That's the data that makes the local Chern-Simons 3-form into a globally well-defined 3-form field. (For instance the supergravity C-field is of this form, with some further twists and bells and whistles added, as we have discussed here).
In mathematical language one says that this kind of local gauge-of-gauge-of-gauge gluing data for global definition of higher form fields is a "degree-4 cocycle in Cech-Deligne cohomology". This is precisely the right data needed to have a well-defined 3-dimensional higher holonomy as is needed here for the definition, because the Chern-Simons action functional is nothing but the 3-dimensional higher holonomy of this 3-form connection.
If you can build it, that is.

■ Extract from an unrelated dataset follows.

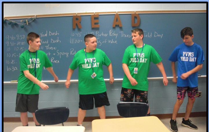
Students thinking about only three days of school left... all together, floss!!!

Read, write, garden, travel, and run! -- Mrs. Krall

From the above it is not entirely obvious how to build the 3-form cocycle data $\{CS(A_i), B_{i j}, \alpha_{i j k}, h_{i j k}\}$ from the given gauge field data $\{A_i, g_{i j}\}$.
But this can be done. This is what Cheeger-Simons differential characters were discovered for. An explicit construction that is very natural for the application to Chern-Simons theory we have given in
- Fiorenza, Schreiber, Stasheff, Cech cocycles for differential characteristic classes, Advances in Theoretical and Mathematical Phyiscs, Volume 16 Issue 1 (2012) (arXiv:1011.4735, web)
Based on this we give a detailed introduction to and discussion of Chern-Simons action functionals for globally non-trivial situations like above in
- Fiorenza, Sati, Schreiber, A higher stacky perspective on Chern-Simons theory (arXiv:1301.2580, web)
That article gives the local formulas that apply generally, discusses the simplifications that occur when the 3-manifold can be assumed to be bounding, discusses what happens if not, and then explores various other properties of globally defined Chern-Simons theory, such as how to couple Wilson lines to the above story. If you just look at the first part, I think you should find what you need.
edit: In the comments below came up the question why a similar discussion is not also needed when writing down the Yang-Mills action functional, whose Lagrangian is the 4-form $\langle F_A \wedge \star F_A \rangle$ (where $\star$ is the Hodge star of a given metric (gravity) and $\langle -,-\rangle$ is an invariant polynomial, the "Killing form" or trace), or similarly the topological Yang-Mills action functional, whose Lagrangian is the 4-form $\langle F_A \wedge F_A \rangle$.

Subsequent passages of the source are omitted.